• Extracted data:
☆ ☆ ☆ ☆ ☆ ☆ ☆

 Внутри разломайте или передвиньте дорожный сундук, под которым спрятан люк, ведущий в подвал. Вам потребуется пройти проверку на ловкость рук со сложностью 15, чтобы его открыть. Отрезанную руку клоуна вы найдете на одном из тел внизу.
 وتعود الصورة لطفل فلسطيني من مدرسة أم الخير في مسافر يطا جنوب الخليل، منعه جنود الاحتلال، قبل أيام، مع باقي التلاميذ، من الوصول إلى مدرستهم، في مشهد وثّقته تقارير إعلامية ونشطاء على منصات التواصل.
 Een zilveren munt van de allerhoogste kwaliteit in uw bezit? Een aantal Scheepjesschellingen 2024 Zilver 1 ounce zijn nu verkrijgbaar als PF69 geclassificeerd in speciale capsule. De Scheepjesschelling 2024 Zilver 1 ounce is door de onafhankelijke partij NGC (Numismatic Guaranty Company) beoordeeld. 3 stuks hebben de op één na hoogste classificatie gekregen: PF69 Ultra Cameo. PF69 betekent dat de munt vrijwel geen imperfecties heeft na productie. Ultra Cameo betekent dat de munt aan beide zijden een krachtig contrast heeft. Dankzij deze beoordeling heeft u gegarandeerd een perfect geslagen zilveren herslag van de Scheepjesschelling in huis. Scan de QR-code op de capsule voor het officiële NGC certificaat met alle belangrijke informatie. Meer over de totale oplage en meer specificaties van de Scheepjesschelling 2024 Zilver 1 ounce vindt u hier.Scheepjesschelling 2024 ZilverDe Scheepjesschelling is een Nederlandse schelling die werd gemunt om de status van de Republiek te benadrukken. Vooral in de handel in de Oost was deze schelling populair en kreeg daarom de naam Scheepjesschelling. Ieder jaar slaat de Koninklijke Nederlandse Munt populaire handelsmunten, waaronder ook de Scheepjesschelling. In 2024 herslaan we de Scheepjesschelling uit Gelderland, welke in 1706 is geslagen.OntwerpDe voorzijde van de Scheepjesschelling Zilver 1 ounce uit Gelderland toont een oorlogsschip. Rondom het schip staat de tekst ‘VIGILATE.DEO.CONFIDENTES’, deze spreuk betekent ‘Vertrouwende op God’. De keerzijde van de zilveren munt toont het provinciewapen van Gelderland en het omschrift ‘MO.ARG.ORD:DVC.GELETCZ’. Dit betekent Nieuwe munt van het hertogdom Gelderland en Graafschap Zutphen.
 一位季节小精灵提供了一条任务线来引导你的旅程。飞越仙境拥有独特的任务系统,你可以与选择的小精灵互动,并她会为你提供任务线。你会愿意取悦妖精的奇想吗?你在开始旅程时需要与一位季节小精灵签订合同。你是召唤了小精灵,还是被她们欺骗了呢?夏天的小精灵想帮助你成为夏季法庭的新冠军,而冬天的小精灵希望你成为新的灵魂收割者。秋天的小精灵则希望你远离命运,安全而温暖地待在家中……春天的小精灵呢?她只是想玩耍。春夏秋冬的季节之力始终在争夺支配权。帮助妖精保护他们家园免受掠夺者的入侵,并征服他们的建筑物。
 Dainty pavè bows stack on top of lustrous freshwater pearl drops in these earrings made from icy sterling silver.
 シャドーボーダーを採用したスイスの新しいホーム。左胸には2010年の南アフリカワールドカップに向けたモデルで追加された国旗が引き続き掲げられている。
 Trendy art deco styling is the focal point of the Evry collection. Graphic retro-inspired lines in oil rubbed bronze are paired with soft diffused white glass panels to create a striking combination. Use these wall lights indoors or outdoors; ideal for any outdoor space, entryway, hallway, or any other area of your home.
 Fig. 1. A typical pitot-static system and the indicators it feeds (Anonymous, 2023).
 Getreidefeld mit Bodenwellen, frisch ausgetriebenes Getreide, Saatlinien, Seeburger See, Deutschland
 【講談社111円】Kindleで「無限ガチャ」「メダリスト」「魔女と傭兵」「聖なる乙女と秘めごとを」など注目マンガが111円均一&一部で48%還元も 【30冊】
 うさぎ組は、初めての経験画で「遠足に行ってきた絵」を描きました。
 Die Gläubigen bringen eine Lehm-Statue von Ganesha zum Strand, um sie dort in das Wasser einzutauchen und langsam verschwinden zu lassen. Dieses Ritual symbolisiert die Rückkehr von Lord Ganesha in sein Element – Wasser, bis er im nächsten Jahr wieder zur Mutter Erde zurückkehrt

☆ ☆ ☆ ☆ ☆ ☆ ☆

• About this exercise:
Your reply should hold all the entries, each repeated without a single change.

• Finished exercise:
 Внутри разломайте или передвиньте дорожный сундук, под которым спрятан люк, ведущий в подвал. Вам потребуется пройти проверку на ловкость рук со сложностью 15, чтобы его открыть. Отрезанную руку клоуна вы найдете на одном из тел внизу.
 وتعود الصورة لطفل فلسطيني من مدرسة أم الخير في مسافر يطا جنوب الخليل، منعه جنود الاحتلال، قبل أيام، مع باقي التلاميذ، من الوصول إلى مدرستهم، في مشهد وثّقته تقارير إعلامية ونشطاء على منصات التواصل.
 Een zilveren munt van de allerhoogste kwaliteit in uw bezit? Een aantal Scheepjesschellingen 2024 Zilver 1 ounce zijn nu verkrijgbaar als PF69 geclassificeerd in speciale capsule. De Scheepjesschelling 2024 Zilver 1 ounce is door de onafhankelijke partij NGC (Numismatic Guaranty Company) beoordeeld. 3 stuks hebben de op één na hoogste classificatie gekregen: PF69 Ultra Cameo. PF69 betekent dat de munt vrijwel geen imperfecties heeft na productie. Ultra Cameo betekent dat de munt aan beide zijden een krachtig contrast heeft. Dankzij deze beoordeling heeft u gegarandeerd een perfect geslagen zilveren herslag van de Scheepjesschelling in huis. Scan de QR-code op de capsule voor het officiële NGC certificaat met alle belangrijke informatie. Meer over de totale oplage en meer specificaties van de Scheepjesschelling 2024 Zilver 1 ounce vindt u hier.Scheepjesschelling 2024 ZilverDe Scheepjesschelling is een Nederlandse schelling die werd gemunt om de status van de Republiek te benadrukken. Vooral in de handel in de Oost was deze schelling populair en kreeg daarom de naam Scheepjesschelling. Ieder jaar slaat de Koninklijke Nederlandse Munt populaire handelsmunten, waaronder ook de Scheepjesschelling. In 2024 herslaan we de Scheepjesschelling uit Gelderland, welke in 1706 is geslagen.OntwerpDe voorzijde van de Scheepjesschelling Zilver 1 ounce uit Gelderland toont een oorlogsschip. Rondom het schip staat de tekst ‘VIGILATE.DEO.CONFIDENTES’, deze spreuk betekent ‘Vertrouwende op God’. De keerzijde van de zilveren munt toont het provinciewapen van Gelderland en het omschrift ‘MO.ARG.ORD:DVC.GELETCZ’. Dit betekent Nieuwe munt van het hertogdom Gelderland en Graafschap Zutphen.
 一位季节小精灵提供了一条任务线来引导你的旅程。飞越仙境拥有独特的任务系统,你可以与选择的小精灵互动,并她会为你提供任务线。你会愿意取悦妖精的奇想吗?你在开始旅程时需要与一位季节小精灵签订合同。你是召唤了小精灵,还是被她们欺骗了呢?夏天的小精灵想帮助你成为夏季法庭的新冠军,而冬天的小精灵希望你成为新的灵魂收割者。秋天的小精灵则希望你远离命运,安全而温暖地待在家中……春天的小精灵呢?她只是想玩耍。春夏秋冬的季节之力始终在争夺支配权。帮助妖精保护他们家园免受掠夺者的入侵,并征服他们的建筑物。
 Dainty pavè bows stack on top of lustrous freshwater pearl drops in these earrings made from icy sterling silver.
 シャドーボーダーを採用したスイスの新しいホーム。左胸には2010年の南アフリカワールドカップに向けたモデルで追加された国旗が引き続き掲げられている。
 Trendy art deco styling is the focal point of the Evry collection. Graphic retro-inspired lines in oil rubbed bronze are paired with soft diffused white glass panels to create a striking combination. Use these wall lights indoors or outdoors; ideal for any outdoor space, entryway, hallway, or any other area of your home.
 Fig. 1. A typical pitot-static system and the indicators it feeds (Anonymous, 2023).
 Getreidefeld mit Bodenwellen, frisch ausgetriebenes Getreide, Saatlinien, Seeburger See, Deutschland
 【講談社111円】Kindleで「無限ガチャ」「メダリスト」「魔女と傭兵」「聖なる乙女と秘めごとを」など注目マンガが111円均一&一部で48%還元も 【30冊】
 うさぎ組は、初めての経験画で「遠足に行ってきた絵」を描きました。
 Die Gläubigen bringen eine Lehm-Statue von Ganesha zum Strand, um sie dort in das Wasser einzutauchen und langsam verschwinden zu lassen. Dieses Ritual symbolisiert die Rückkehr von Lord Ganesha in sein Element – Wasser, bis er im nächsten Jahr wieder zur Mutter Erde zurückkehrt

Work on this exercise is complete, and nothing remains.